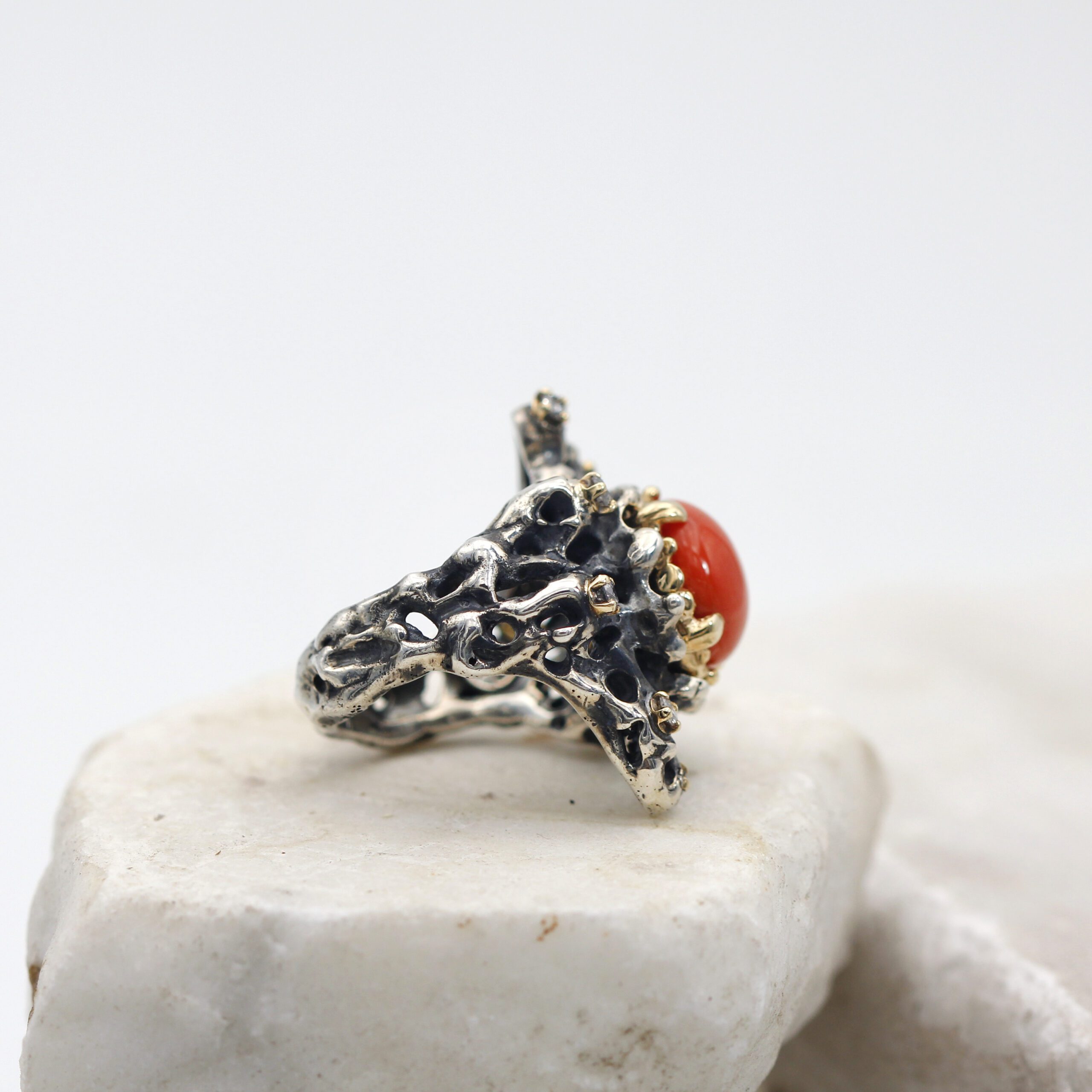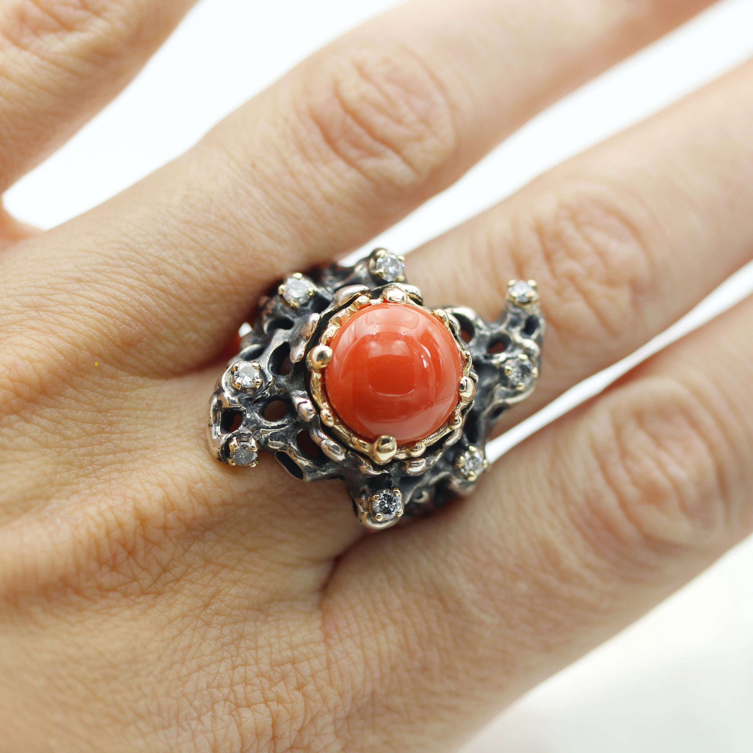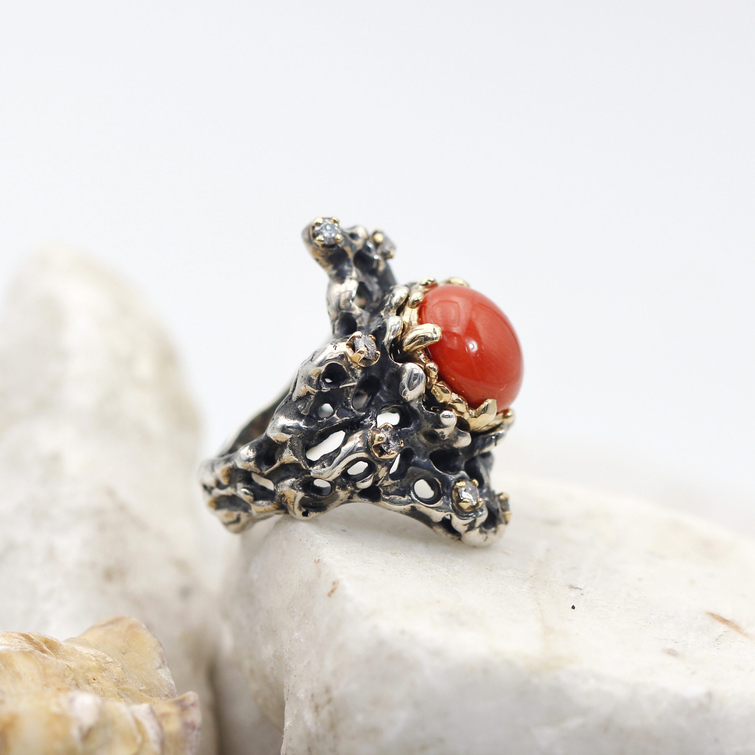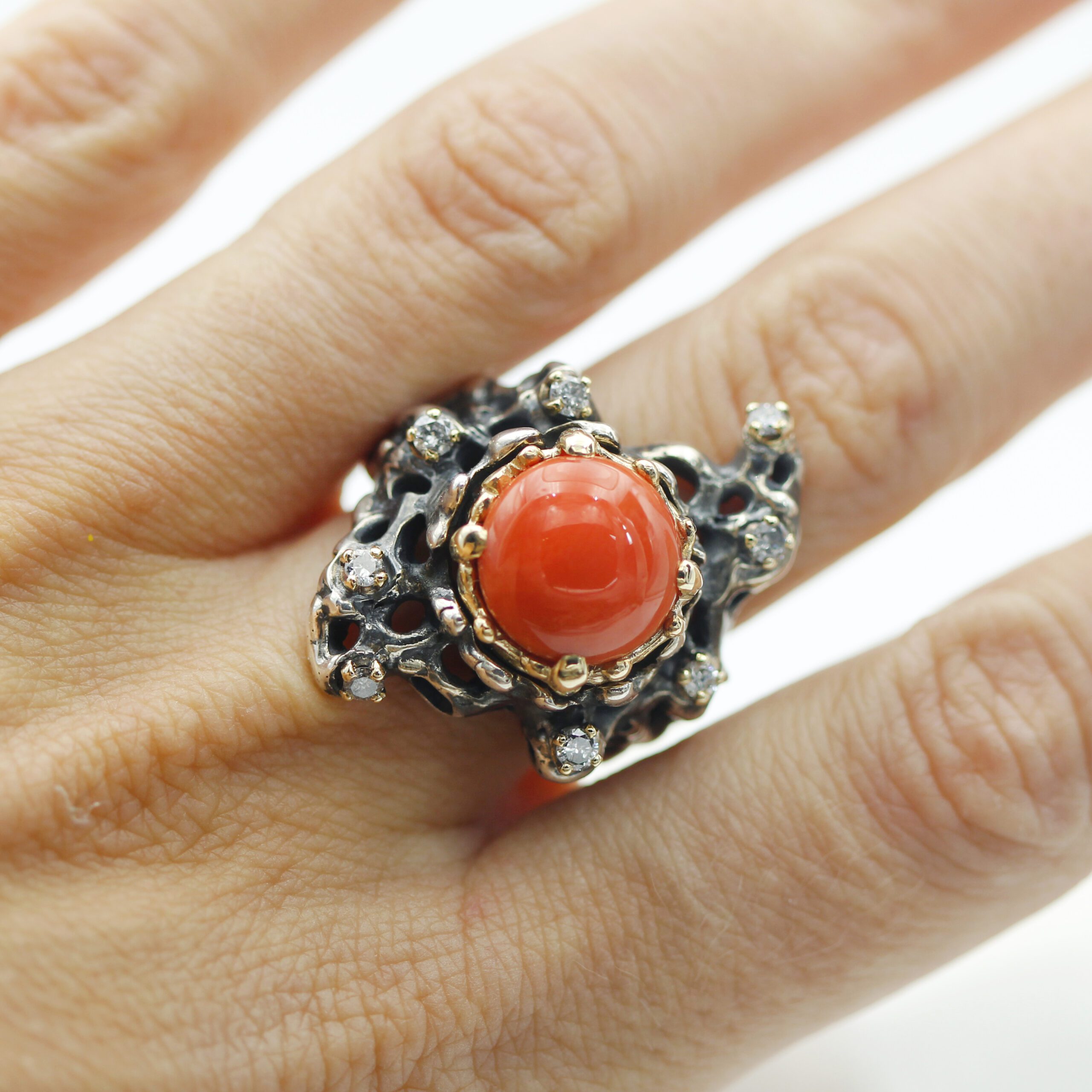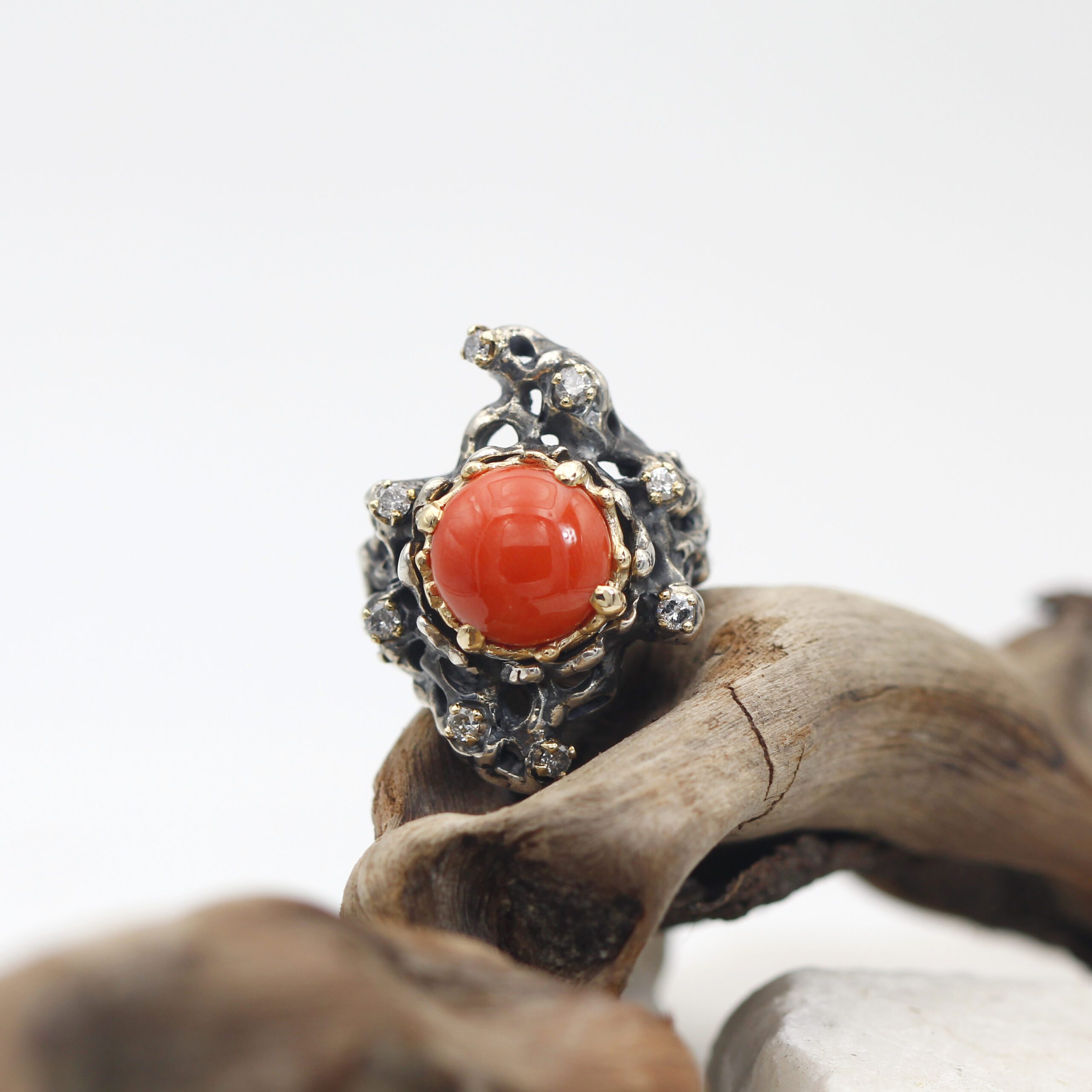 Silver Ring with Removable Gold Bezel, featuring Coral and 8 Grey Diamonds
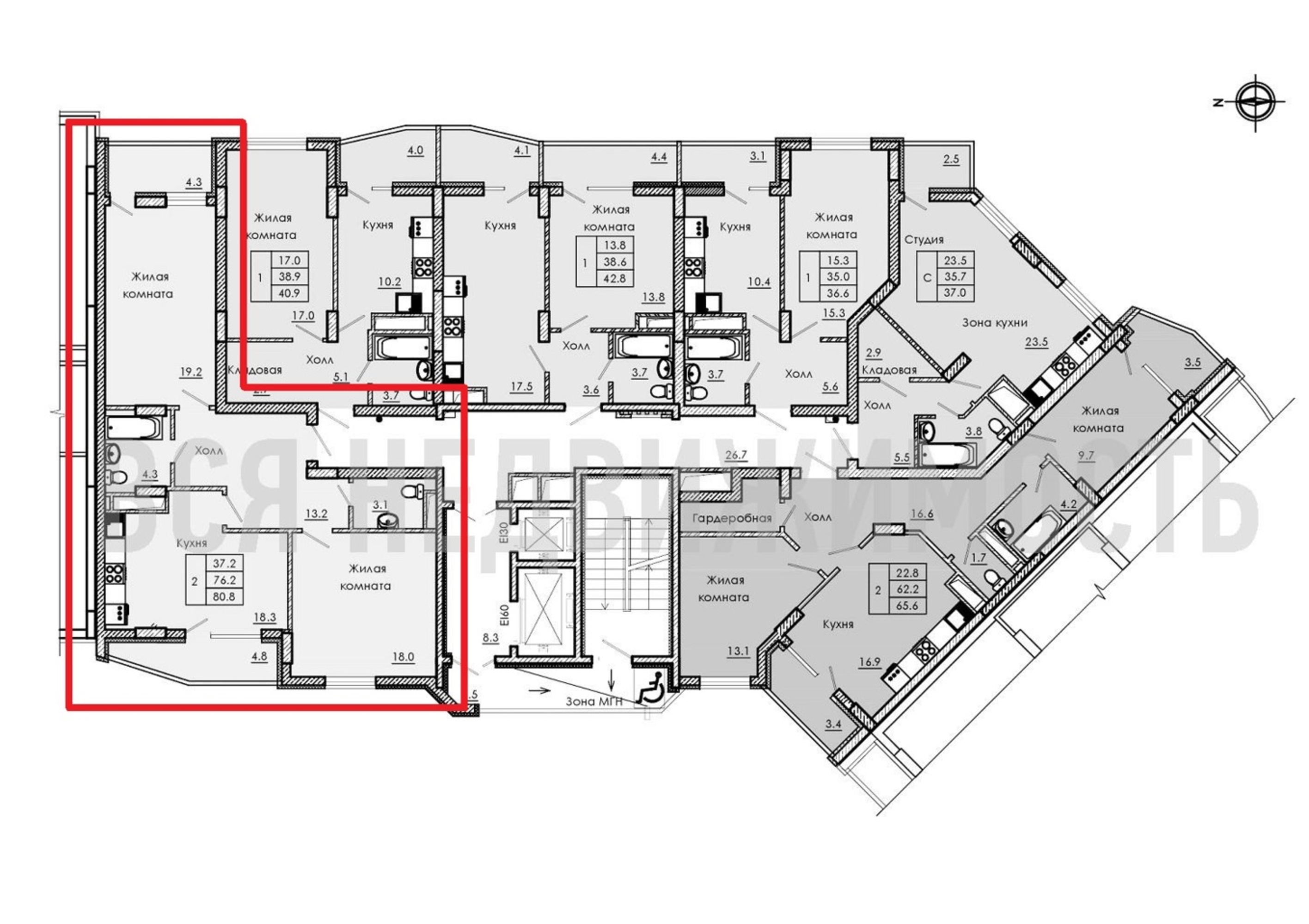 2-комнатная квартира, 80.80 м² 16/18 этаж ID объекта 59937
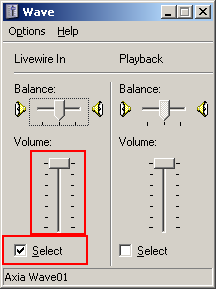 Таким образом, мы указали программе, что для регулировки уровня транзитного проникания сигнала с аудиоустройства Axia Wave01 необходимо использовать регулятор Line Volume на линейке Volume control: Livewire In аудиомикшера Axia Wave01.
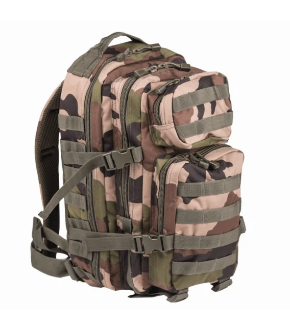 Kleiner Vierkammerrucksack Mil-Tec US Assault PACK SMALL CCE Farbe mit einem Fassungsvermögen von 20 Litern. PVC-beschichteter Polyesterträger mit Polyesterfutter und EVA-Schaumstoffpolsterung.
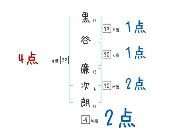 天運![]() | 黒谷廉次朗さんの天運は19画の1つ星!優れた才能を持ちますが、協調性が足りないことも。周りの人と協力する事を意識しましょう。 家系が持つ宿命的な運勢を表します。祖先から受け継いだ苗字ですので自分の力が及びません。家柄を象徴します。 |
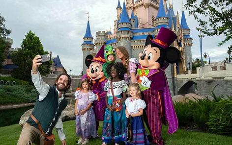 Rhett, his wife Lauren Akins, and their four daughters dressed up in costumes inspired by Disney films “Tangled” and “Encanto” and posed with Mickey Mouse and Minnie Mouse in their Halloween best during an evening full of festive fun at Magic Kingdom Park on Sept. 19, 2023.
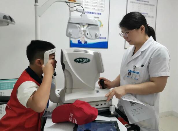 通过专业设备检查视力,小记者们对自己的眼睛有了更进一步的了解。
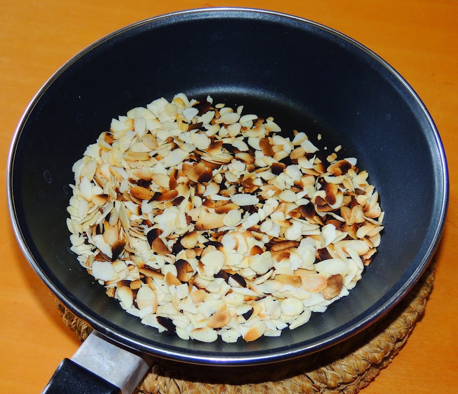 Finalmente, se adorna con las almendras tostadas y una ramita de perejil y se sirve bien caliente.
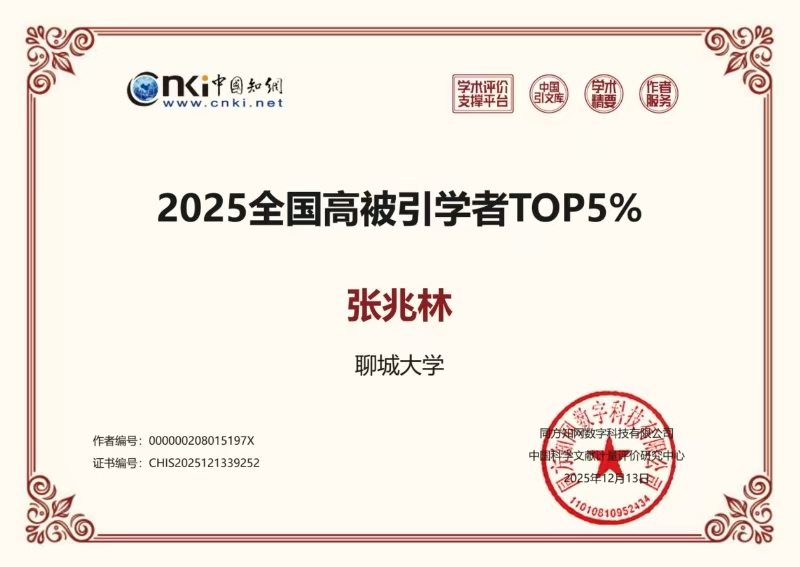 近日,中国知网公布了2025年度知网高被引学者名单,色情网 张兆林教授继2024年入选榜单后,再次入选“2025全国高被引学者TOP5%”榜单。

____

**ASSIGNMENT**:
Leave out all pictures and extract exactly the lines from the line with "Finalmente, se adorna" through the end of the material.

**SOLUTION TO THIS PROBLEM**:
 Finalmente, se adorna con las almendras tostadas y una ramita de perejil y se sirve bien caliente.
 近日,中国知网公布了2025年度知网高被引学者名单,色情网 张兆林教授继2024年入选榜单后,再次入选“2025全国高被引学者TOP5%”榜单。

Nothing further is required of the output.